◆ Your assignment ◆
In the records below, repeat exactly the lines between the line holding "Rocío Zamorano Soto" and the line holding "Vintage 70s Black", inclusive, and drop the pictures.

◆ Records supplied ◆
------------------------------------------------------------------------
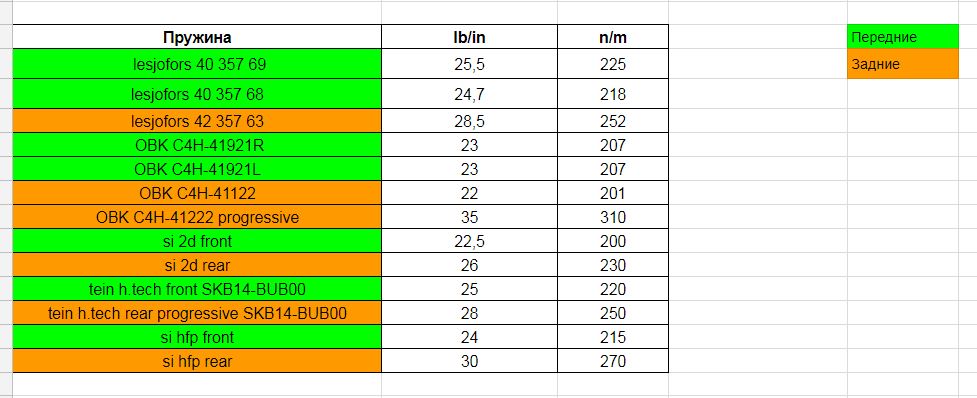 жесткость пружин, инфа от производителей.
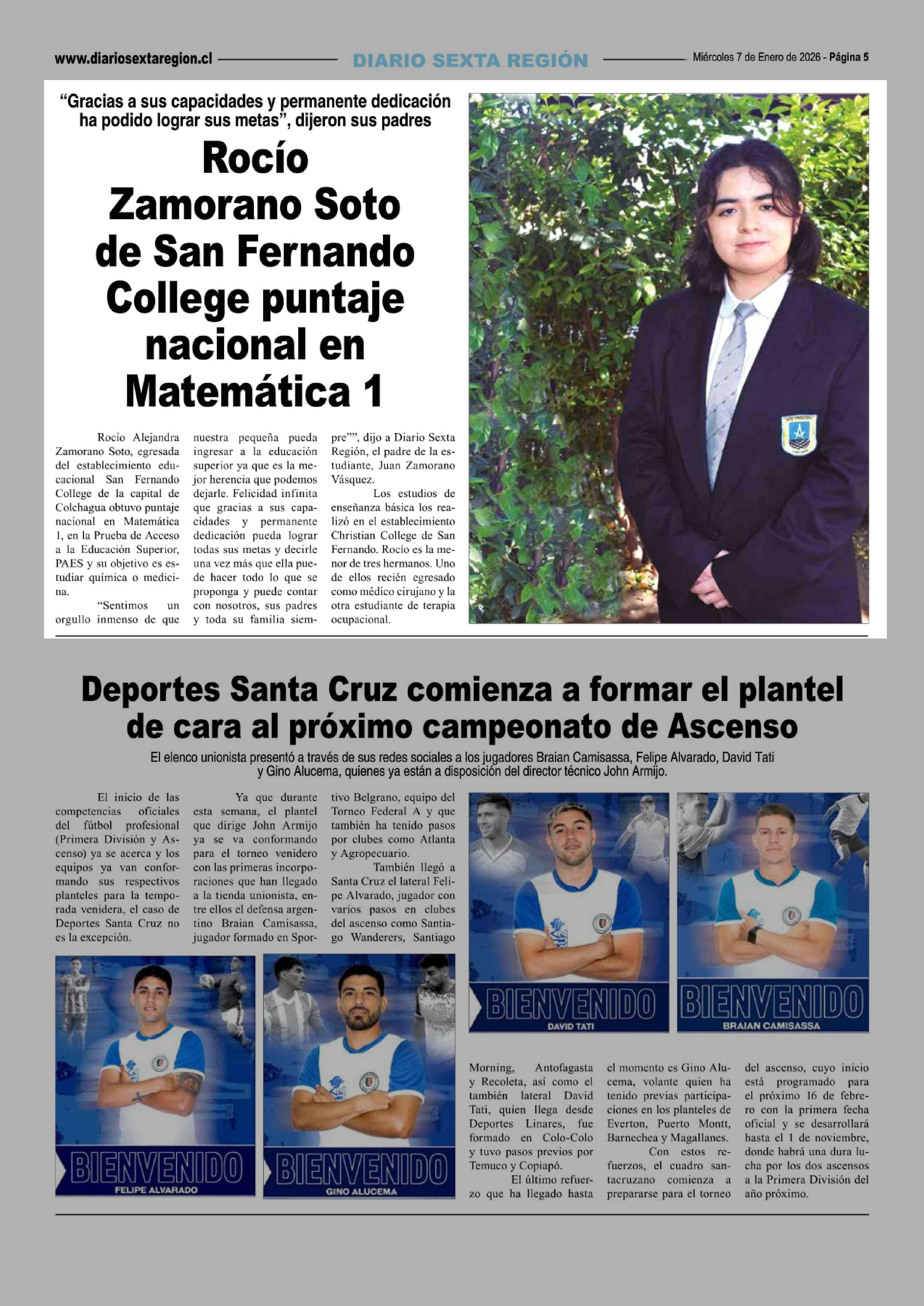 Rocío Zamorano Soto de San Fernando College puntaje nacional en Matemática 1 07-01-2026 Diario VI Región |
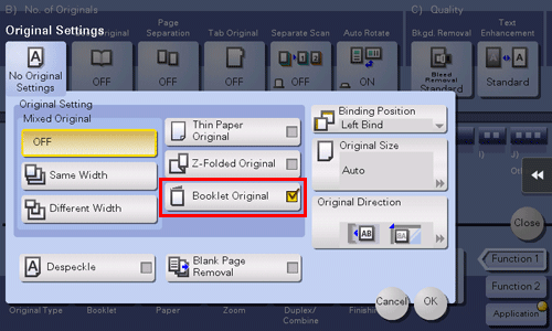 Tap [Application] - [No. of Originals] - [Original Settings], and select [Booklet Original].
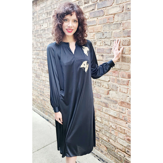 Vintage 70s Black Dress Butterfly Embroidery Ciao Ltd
------------------------------------------------------------------------
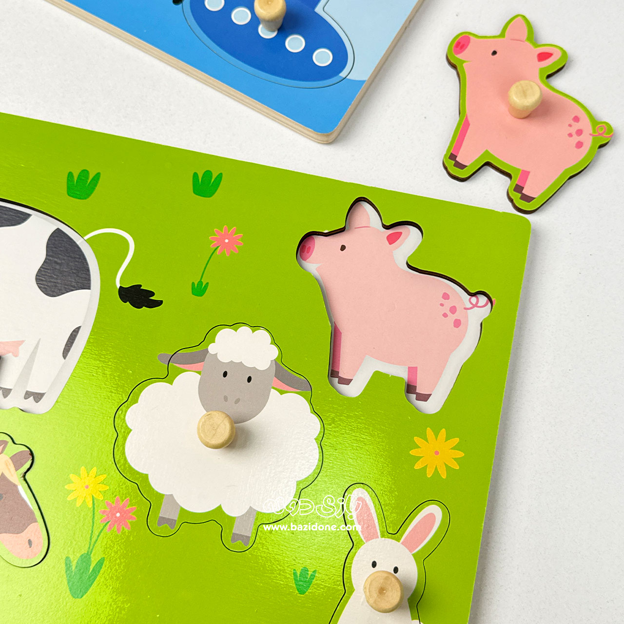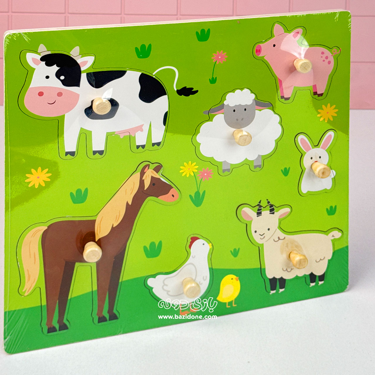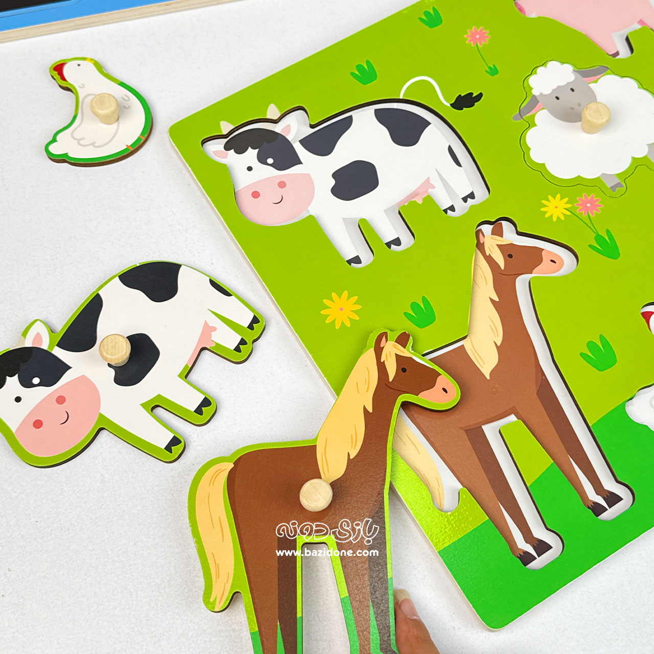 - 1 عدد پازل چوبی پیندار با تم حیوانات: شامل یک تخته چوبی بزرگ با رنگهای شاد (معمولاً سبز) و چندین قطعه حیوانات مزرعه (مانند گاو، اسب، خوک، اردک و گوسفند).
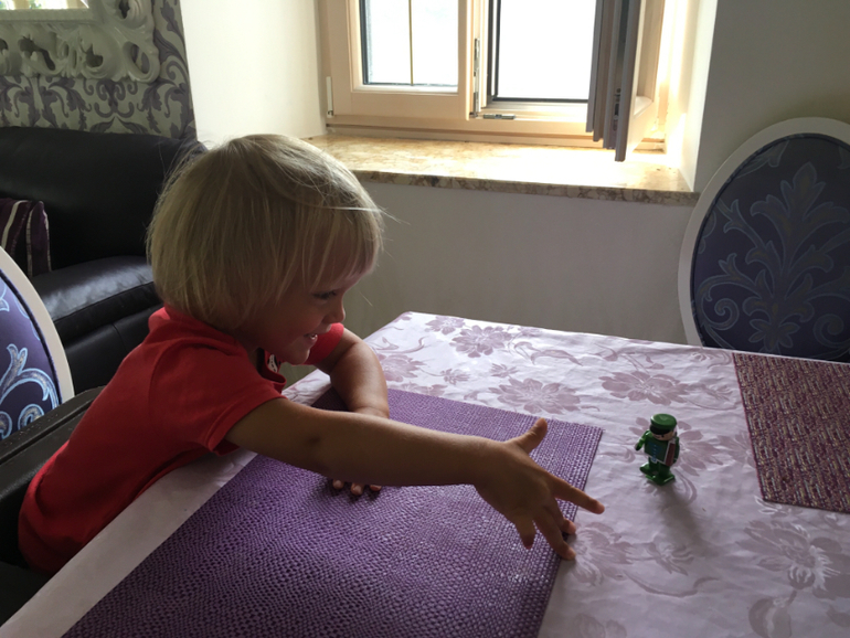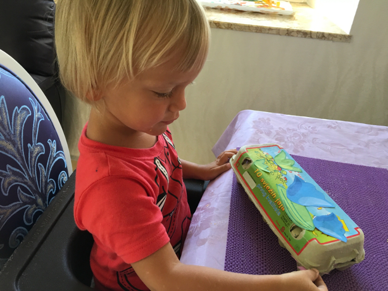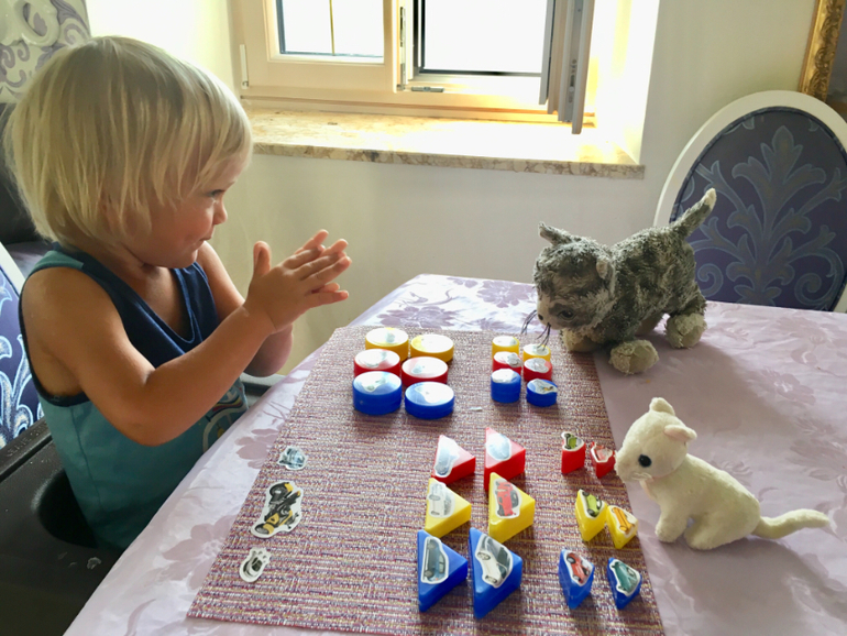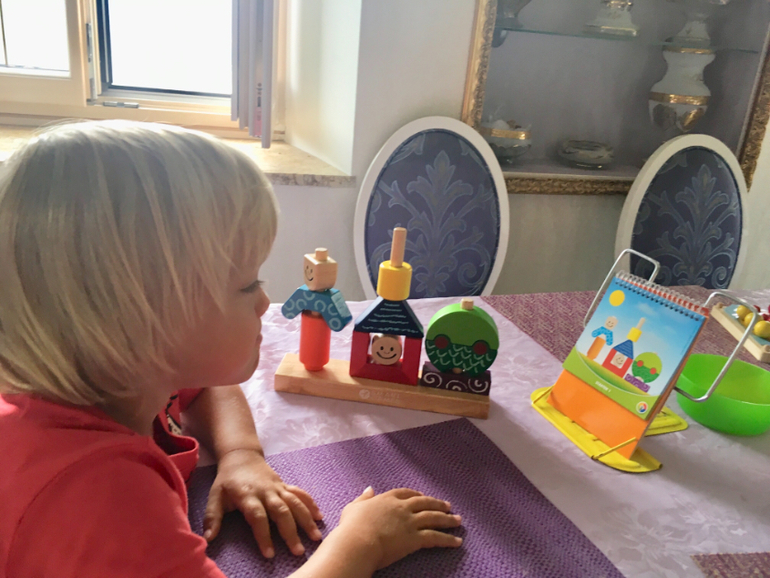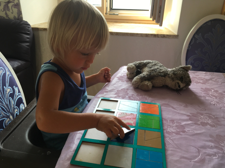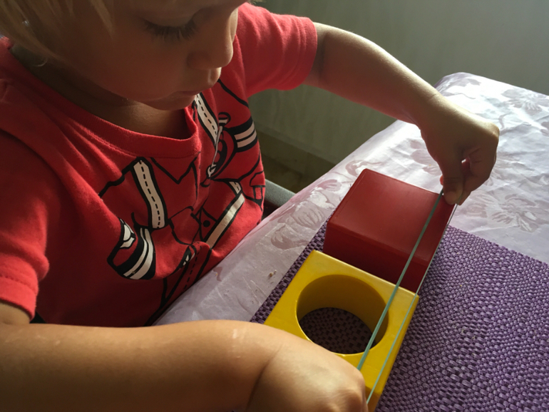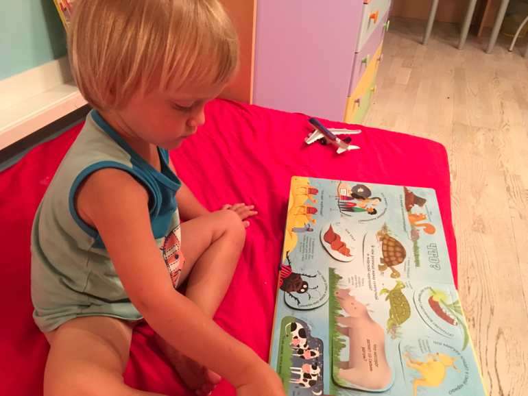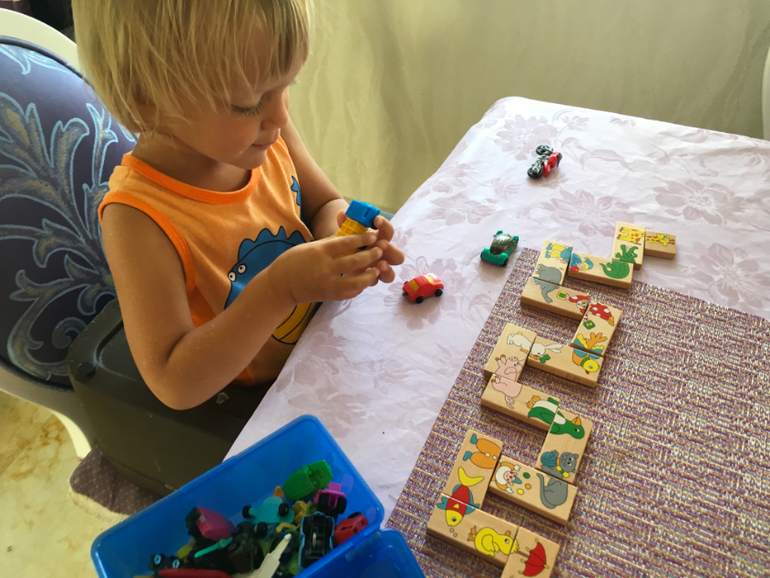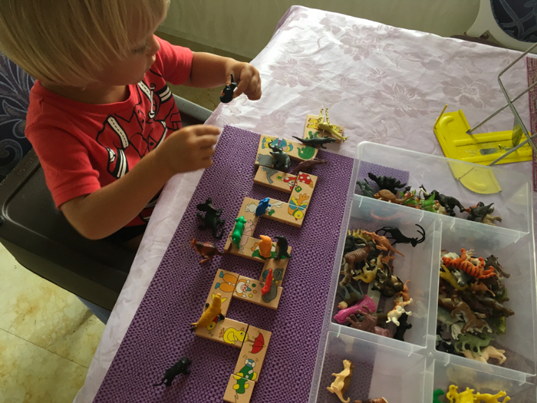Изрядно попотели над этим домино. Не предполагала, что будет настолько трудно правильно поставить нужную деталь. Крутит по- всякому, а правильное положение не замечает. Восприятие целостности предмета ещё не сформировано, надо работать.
------------------------------------------------------------------------
◆ Answer to this problem ◆
 Rocío Zamorano Soto de San Fernando College puntaje nacional en Matemática 1 07-01-2026 Diario VI Región |
 Tap [Application] - [No. of Originals] - [Original Settings], and select [Booklet Original].
 Vintage 70s Black Dress Butterfly Embroidery Ciao Ltd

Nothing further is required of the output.